* _Work item_
Once the images are set aside, output the listing exactly as it stands.

* _Extracted information_
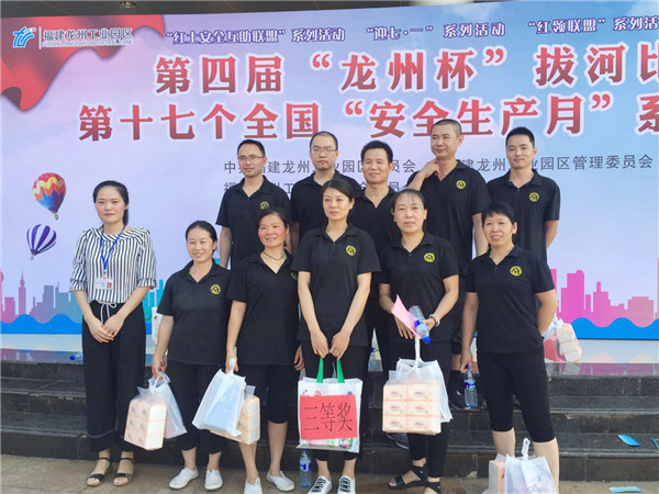为丰富职工的精神文化生活,增强团队凝聚力。我司于2018年6月28日上午组队参加了由福建龙州工业园区举办的第四届“龙州杯”职工拔河比赛。
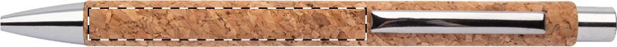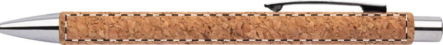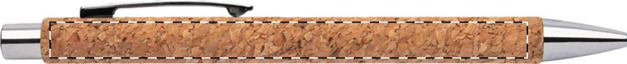 Penna a sfera in carta riciclata ricoperta di sughero naturale con parti in metallo e refill blu.
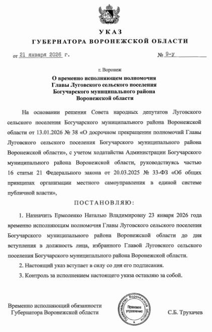 Официальный документ подписал врио губернатора Воронежской области Сергей Трухачёв.
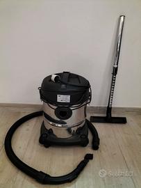 Bidone aspiratutto in acciaio inox. completo di tutti gli accessori e con tubo in acciaio inox.
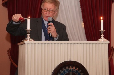 Fungerende president Gunnar Skjerve ønsket velkommen i ballsalen til 22 medlemmer og 1 gjest, samt til en håndfull med medlemmer fra Fredriksten. Dessuten hjertelig velkommen til kveldens 2 foredragsholdere fra politiet: Stasjonssjef Roger Johannesen og politikontakt Åse Sivertsen. Presidenten tente 2 lys: ett for Fred og Frihet, ett for Vennskap.
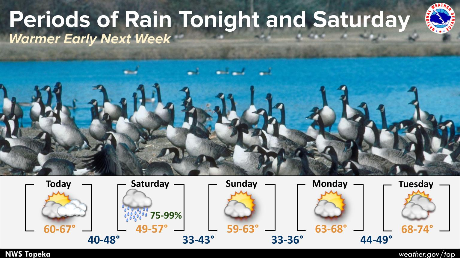 - Expect a mild and partly cloudy day with a high of 64°F before temperatures drop sharply to 24°F tonight.
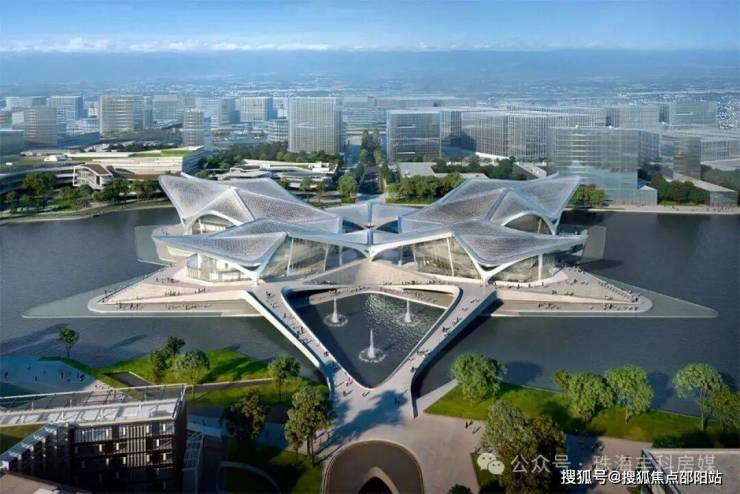 市民艺术中心:由国际著名建筑事务所ZahaHadid(扎哈·哈迪德)设计,将以水上曲线艺术建筑称著世界,建筑面积是日月贝的三倍之大,建筑功能主要包括剧院、音乐厅、科技馆、多功能厅、艺术展厅及商业配套设施等,建成后将成为珠海新地标
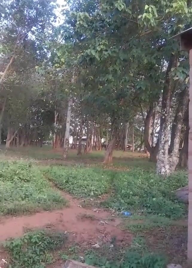 wooded area with numerous trees. The trees have sparse leaves and thin trunks, appearing somewhat uniformly spaced. Ground vegetation consists primarily of low-lying green plants, mixed with patches of bare reddish-brown soil. A tree stump and trash is located in the foreground. In the distance, a building is vaguely visible through the trees. The camera pans up slightly, focusing more on the tree canopy. The sky is overcast.
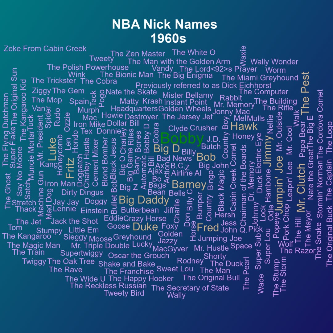 Welcome to Part 2 of NBA player nicknames from the decades. Today we cover the groovy 60s. Big thanks to the nickname curators at Basketball-Reference who filed nicknames for over 1,900 players in NBA history. I tip my cap to their dedication. Just like Part 1, we have a word cloud with all eligible players. This time it's anyone who began their NBA career in the 1960's. "Bobby" ended up being the most popular with four total players including three Bobs and one Not Bob.
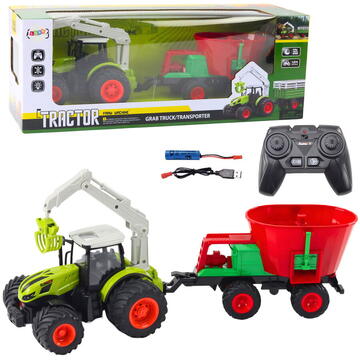 Lean Toys Tractor agricol cu ​​semănătoare și graifăr rotativ, controlat de la distanță 2.4G
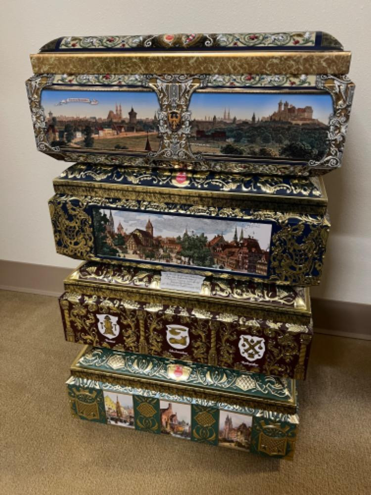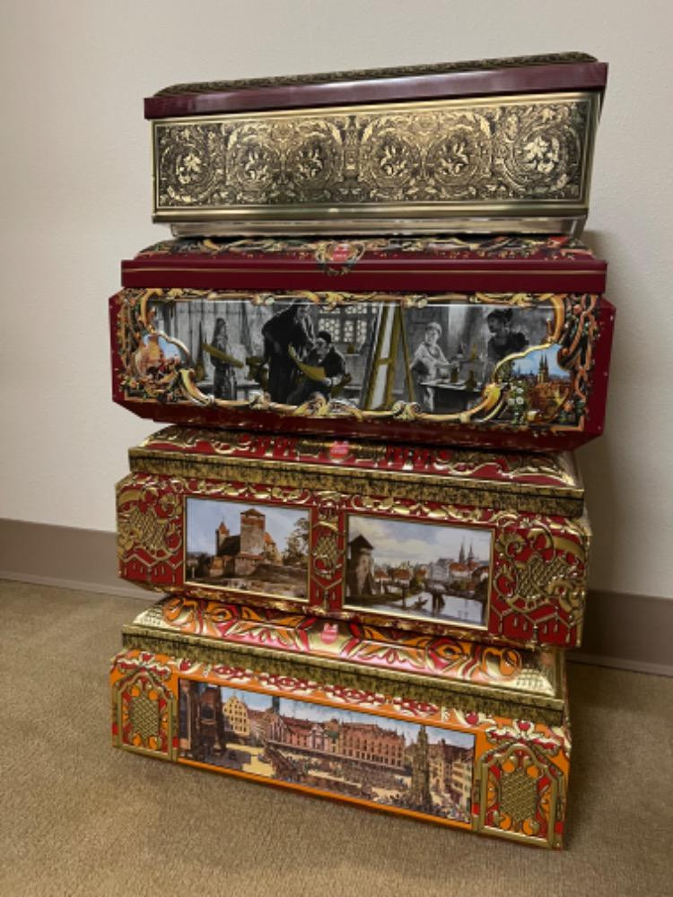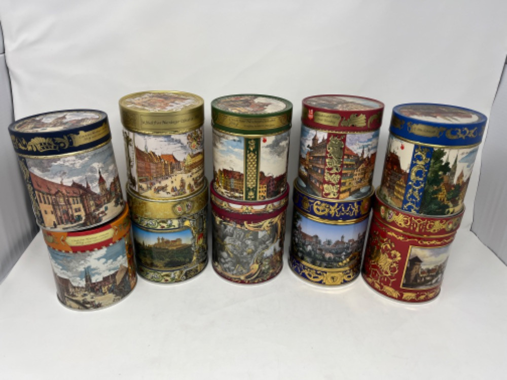 Lot # 130 - 10 Vintage Otto Schmidt Cylinder German Cookie Tins Starting Bid: $ 5.00 Bids: This sale will end in: |

* _Task result_
为丰富职工的精神文化生活,增强团队凝聚力。我司于2018年6月28日上午组队参加了由福建龙州工业园区举办的第四届“龙州杯”职工拔河比赛。
 Penna a sfera in carta riciclata ricoperta di sughero naturale con parti in metallo e refill blu.
 Официальный документ подписал врио губернатора Воронежской области Сергей Трухачёв.
 Bidone aspiratutto in acciaio inox. completo di tutti gli accessori e con tubo in acciaio inox.
 Fungerende president Gunnar Skjerve ønsket velkommen i ballsalen til 22 medlemmer og 1 gjest, samt til en håndfull med medlemmer fra Fredriksten. Dessuten hjertelig velkommen til kveldens 2 foredragsholdere fra politiet: Stasjonssjef Roger Johannesen og politikontakt Åse Sivertsen. Presidenten tente 2 lys: ett for Fred og Frihet, ett for Vennskap.
 - Expect a mild and partly cloudy day with a high of 64°F before temperatures drop sharply to 24°F tonight.
 市民艺术中心:由国际著名建筑事务所ZahaHadid(扎哈·哈迪德)设计,将以水上曲线艺术建筑称著世界,建筑面积是日月贝的三倍之大,建筑功能主要包括剧院、音乐厅、科技馆、多功能厅、艺术展厅及商业配套设施等,建成后将成为珠海新地标
 wooded area with numerous trees. The trees have sparse leaves and thin trunks, appearing somewhat uniformly spaced. Ground vegetation consists primarily of low-lying green plants, mixed with patches of bare reddish-brown soil. A tree stump and trash is located in the foreground. In the distance, a building is vaguely visible through the trees. The camera pans up slightly, focusing more on the tree canopy. The sky is overcast.
 Welcome to Part 2 of NBA player nicknames from the decades. Today we cover the groovy 60s. Big thanks to the nickname curators at Basketball-Reference who filed nicknames for over 1,900 players in NBA history. I tip my cap to their dedication. Just like Part 1, we have a word cloud with all eligible players. This time it's anyone who began their NBA career in the 1960's. "Bobby" ended up being the most popular with four total players including three Bobs and one Not Bob.
 Lean Toys Tractor agricol cu ​​semănătoare și graifăr rotativ, controlat de la distanță 2.4G
 Lot # 130 - 10 Vintage Otto Schmidt Cylinder German Cookie Tins Starting Bid: $ 5.00 Bids: This sale will end in: |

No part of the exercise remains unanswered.